Le corollaire du caractère éphémère du street art est que les œuvres, à partir du moment ou elles sont offertes au public, dans la rue n’ont pas de valeur. Si le temps et les éléments les détruisent, si elle sont taguées ou arrachées ce n’est pas si grave. Ce qui est rageant c’est quand un collage ou un pochoir est détruit avant même d’avoir été vu, mais dans ce cas là, l’artiste souvent la remplace.
La valeur reste chez l’artiste qui peut vendre un original, des prints ou des affiches en nombre plus ou moins limité et toujours signés de la main de l’artiste. L’exposition dans l’espace public de leur travail, avec l’intervention des réseaux sociaux renvoie les visiteurs attentifs à des boutiques en ligne ou des expositions privées ou ils peuvent acheter des œuvres.
Le caractère éphémère du street art, loin d’être regrettable, s’inscrit dans un processus créatif ou une image disparaît, pour laisser la place à une autre faisant de la rue une galerie à ciel ouvert, gratuite, ou se succèdent les artistes pour présenter leur travail.
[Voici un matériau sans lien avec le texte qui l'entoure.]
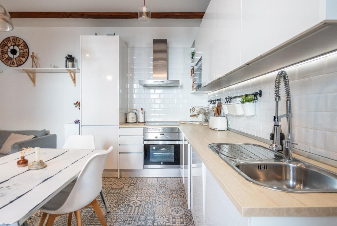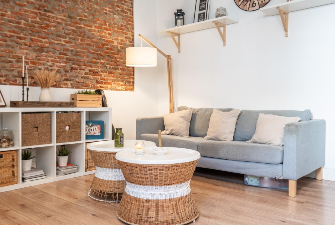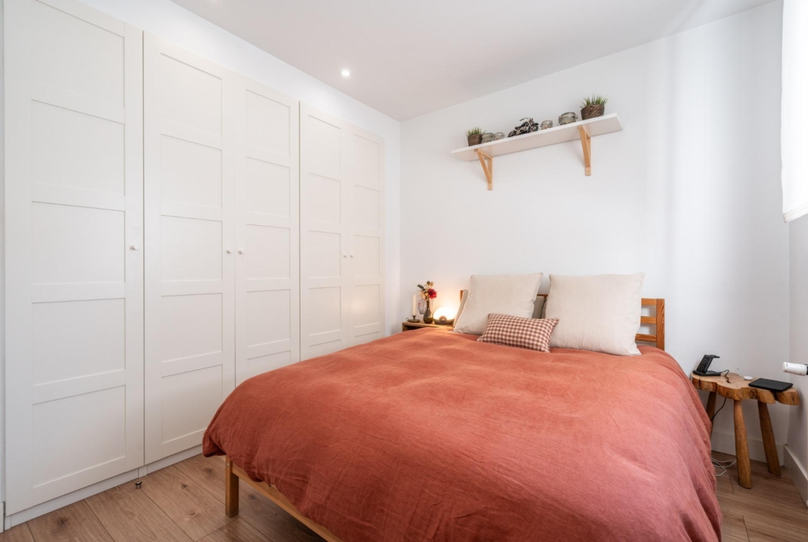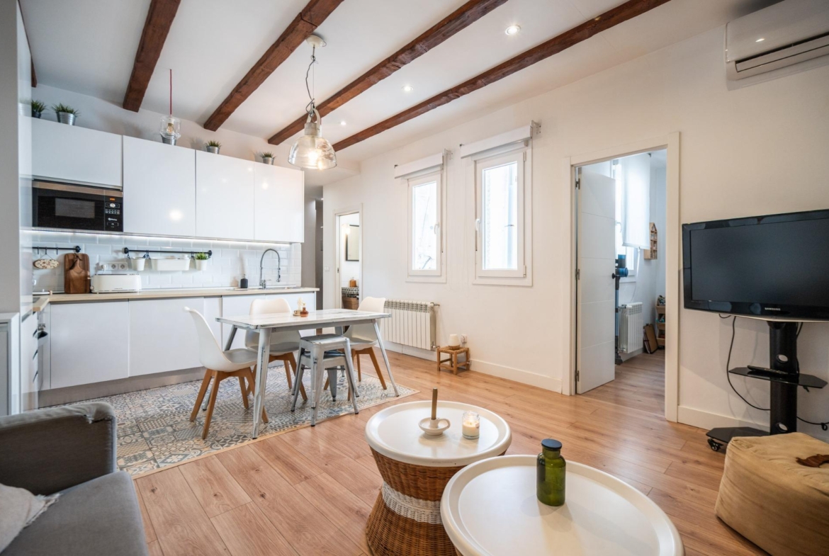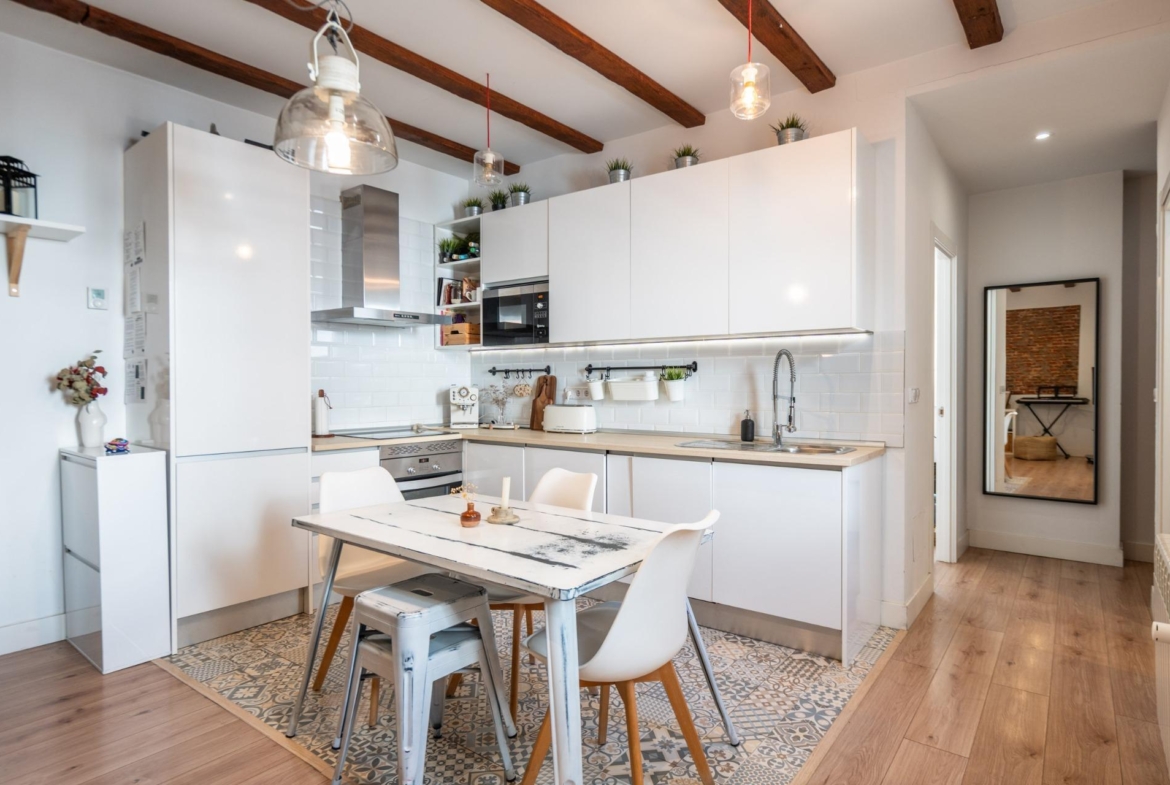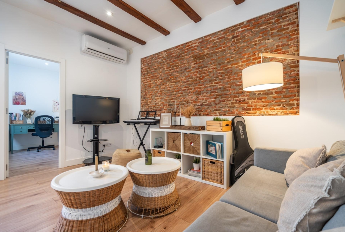 La vivienda ha sido completamente reformada con un estilo contemporáneo lleno de personalidad. Destacan los techos con vigas de madera vistas, el contraste del ladrillo original en el salón y los acabados en tonos neutros que aportan calidez, equilibrio y una estética atemporal. El piso se distribuye en dos habitaciones, un cuarto de baño completo y una cocina abierta al salón que favorece la amplitud y la entrada de luz natural.
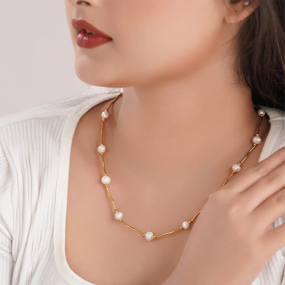 Glorin Chain Pearlo blends fine golden links with soft pearl accents, creating a graceful piece that balances modern and classic.
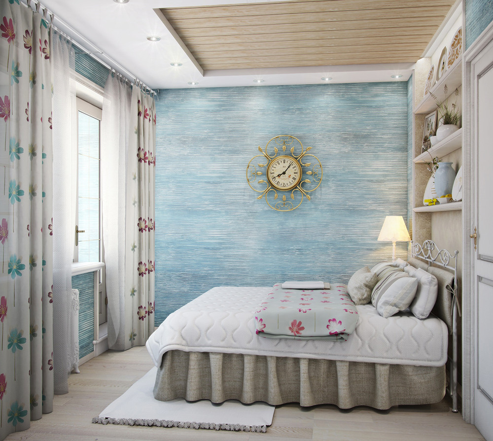 Вместо большой кровати используем складную — её можно легко убрать в нишу, или заменяем диван. Используем лёгкие, тонкие ткани для декора окон. Отдаём предпочтение нежным оттенкам голубого или розового.
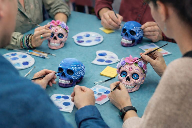 De combinatie van schilderen en versieren maakt deze workshop dynamisch en toegankelijk. Van subtiel en verfijnd tot stoer en minimalistisch. Geschikt voor vriendengroepen, bedrijfsuitjes, Halloween en Dia de los muertos events.
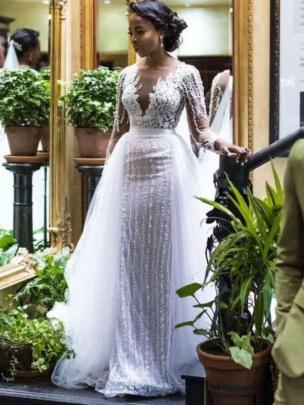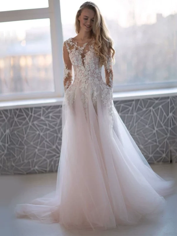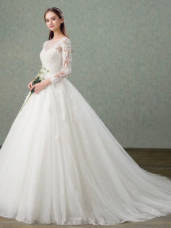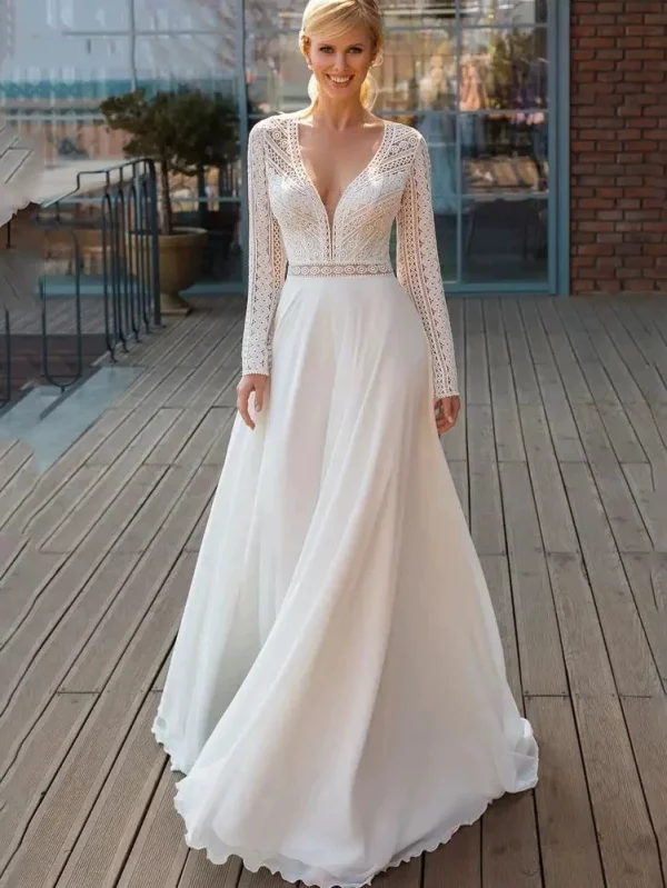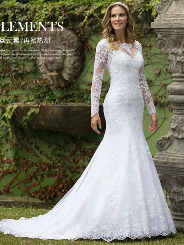 2025 New Wedding Dress Bridal Lace Long Sleeve Gown Summer
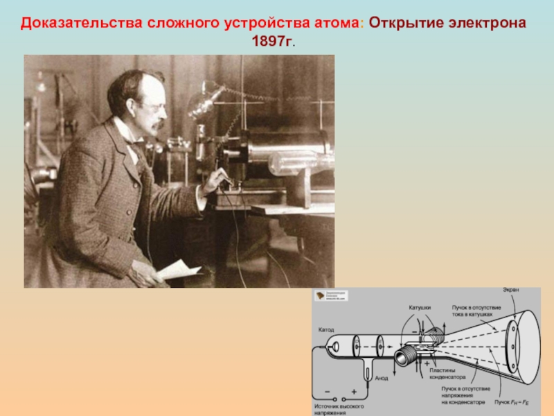 Слайд 5Доказательства сложного устройства атома: Открытие электрона 1897г.

Nous sommes loin de la notion de conservation propre au musée. C’est pourquoi il est abusif de parler de musée à ciel ouvert, le terme galerie convient mieux.
- Les originaux
Dessins, peintures, céramiques, volumes ou collages peuvent être des originaux, uniques collés dans l’espace public. Les murales; les peintures sur les rideaux des boutiques sont réalisés directement sur leur support. Certaines sont réalisées gratuitement, d’autres, principalement les murales ont fait l’objet d’un contrat rémunéré par le propriétaire du mur ou du rideau.
Les galeries d’arts qui exposent des artistes issus du graffiti financent des murales pour donner une visibilité et mettre en valeur leurs artistes résidents.
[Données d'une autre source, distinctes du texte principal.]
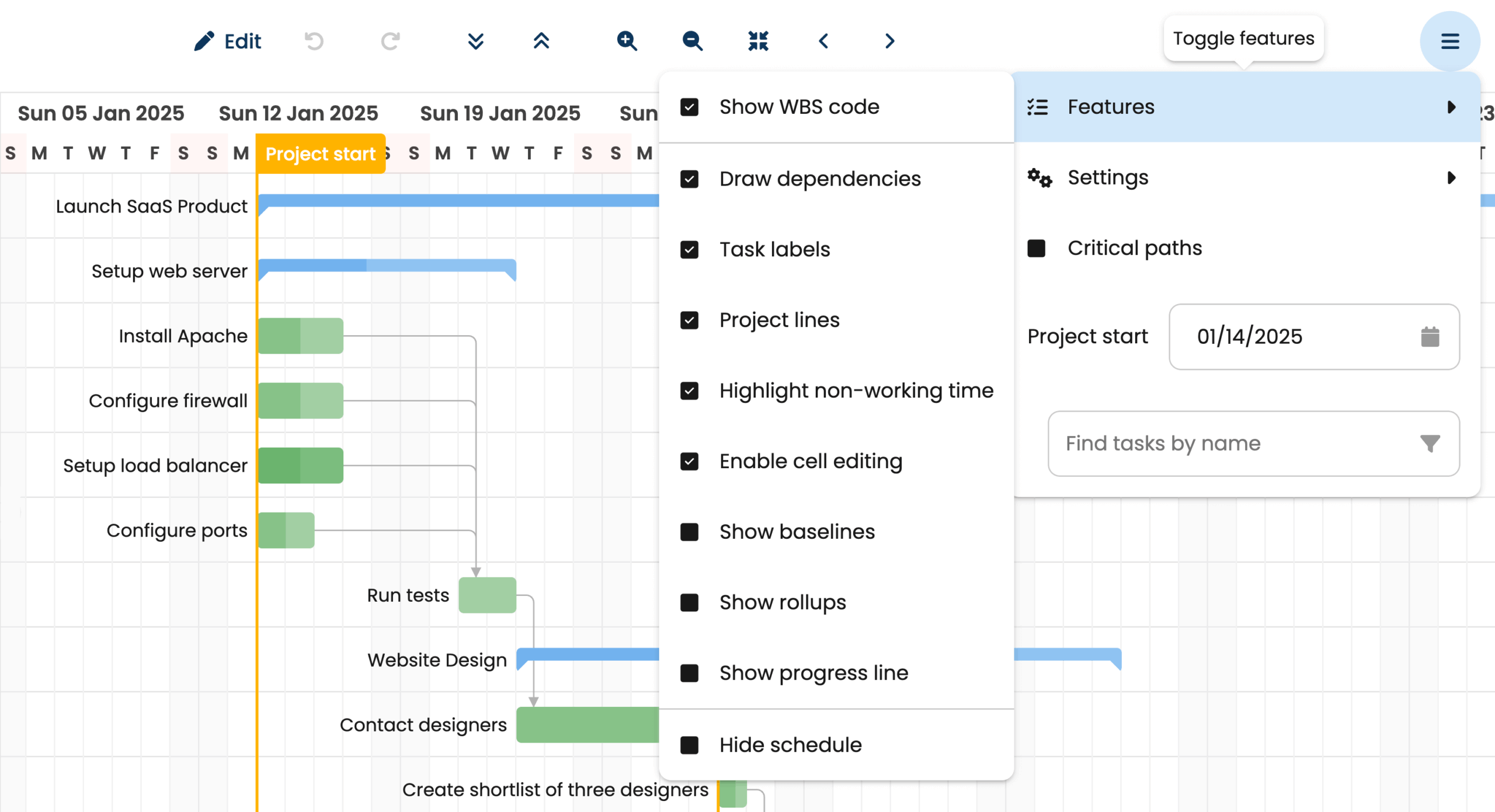 Apply the React control wrapper to your Bryntum Gantt for additional features. Bryntum React Gantt chart features include the task editor, configurable tooltips, and resource assignment editor.

Le collage ou la réalisation d’une œuvre originale dans l’espace public est un acte généreux de la part d’un artiste qui sacrifie une œuvre unique dont il a payé la matière d’œuvre. Acte généreux, mais pas totalement désintéressé. La rue est, surtout pendant cette période de pandémie, le seul moyen pour de jeunes artistes de faire voir leur art. En effet beaucoup de ceux qui exposaient habituellement dans des bars, des boutiques ou de petites galeries, ont vu ces lieux fermés pour des raisons sanitaires.
Les originaux sont également soumis aux contraintes destructives propres à leur exposition aux éléments et au vandalisme. Les artistes connaissent la règle et l’acceptent. Bien que sacrifiée à terme, l’œuvre a pour vocation première d’être vue, d’où l’importance prise par les réseaux sociaux. L’œuvre, à peine achevée est photographiée et publiée sur les réseaux sociaux, plus particulièrement sur Instagram.
L’œuvre commence alors une carrière virtuelle, répercutée de compte en compte par des amateurs qui en font la chasse. C’est à travers les réseaux sociaux que circule le street art et le graffiti. Cette diffusion est mondiale pour les muralistes et les street artistes les plus réputés.
L’œuvre originale, au destin éphémère, trouve donc une éternité virtuelle. Rappelons que Martha Cooper et Henry Chalfant ont donné, en le photographiant, une éternité au mouvement graffiti des années 1980 dans le métro Newyorkais.(Subway art)
Les œuvres réalisées en extérieur sont par nature éphémères. Bien qu’acceptée par ceux qui les réalisent, la disparition définitive d’œuvres reconnues comme importantes par le public et le milieu de l’art est mal acceptée, c’est pourquoi les galeries d’art se sont rapidement intéressées aux meilleurs des graffeurs, les ont incités à produire des toiles et à les exposer. La durabilité était ainsi acquise, jusqu’à ce que les musées s’y intéressent. La boucle est bouclée pour une infime minorité de graffeurs qui ont trouvé une place dans les musées et l’éternité qu’ils leur confère.